Luckily, Rainier had never heard of the Lancashire singing star.
In 1954 Kelly won the lead role in the film of Clifford Odets's
The Country Girl
opposite Crosby and Holden. It was an unglamorous part as the neglected
wife of an alcoholic, but her degradations earned her an Oscar, beating
off Judy Garland, also nominated for
A Star is Born.
It is likely that the new Dahan film focuses on the least exciting
period of Kelly's life – a time when protocol overrode ambition. The
storyline charts the political pressure the French government put on
Rainier and Kelly's decision not to take the lead role in Hitchcock's
Marnie, leaving the way open for newcomer Tippi Hedren to star.
Last week Kidman said she understood why Kelly's three children had spoken out against the film.
"It's a child's job to protect their parent," she said. "In that
regard, I get it. I get why the children are upset." She added: "It's
not meant to be a biopic. I certainly did my best to honour everything
that was real and truthful in it."
Kidman said she felt Kelly had to play the part of a princess.

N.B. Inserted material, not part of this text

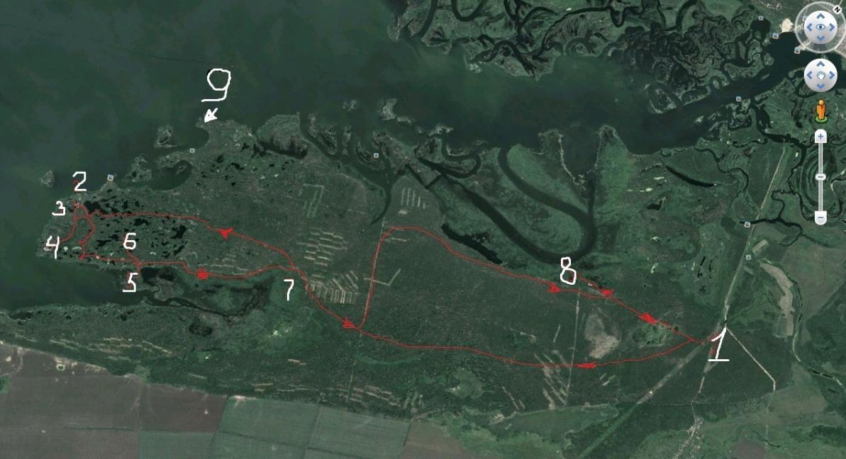 1-лесничество, 7-лисья гора, 2-где ты на море по камышу ходил, 3-селезней стрелял, 4-база, 5-где мы на открытии были, 6-чирков поднял, 7-снова развилка, 8-вечерку стояли. 9-рыбацкий стан, куда ты выехал)))

Adopting a new regal identity, she took up the charitable life,
promoting the Red Cross with a starry annual ball in Monaco and hosting
Christmas parties for local children. Yet she was always flanked by the
press, as is shown in a poignant picture of her arriving at the Cannes film festival
for a Hitchcock tribute two years before her death. "The freedom of the
press works in such a way that there is not much freedom from it," she
once said.
She died in a car accident on a dangerous coastal road in 1982,
suffering a stroke and losing control of the vehicle, which spun and
plunged down a 45ft drop. Younger daughter Princess Stéphanie was in the
car but survived with minor injuries. The funeral of her mother was
watched by 100 million people on television.
There is, of course, a fashion legacy, celebrated four years ago at the Victoria & Albert Museum in an exhibition, Grace Kelly: Style Icon. But more than the ubiquitous Hermès Kelly bags, and a "look" described by
Women's Wear Daily
in 1955 as "a fresh type of natural glamour", the actress's real
achievement may be the careful transition from screen goddess to staid
princess. She went convincingly from a co-star about whom Cary Grant
once said: "With all due respect to Ingrid Bergman, I much preferred
Grace. She had serenity," to an official and public Serene Highness.
• This article was amended on 16 May
2014. An earlier version said that Rita Hayworth became the wife of the
Aga Khan, rather than Prince Aly Khan.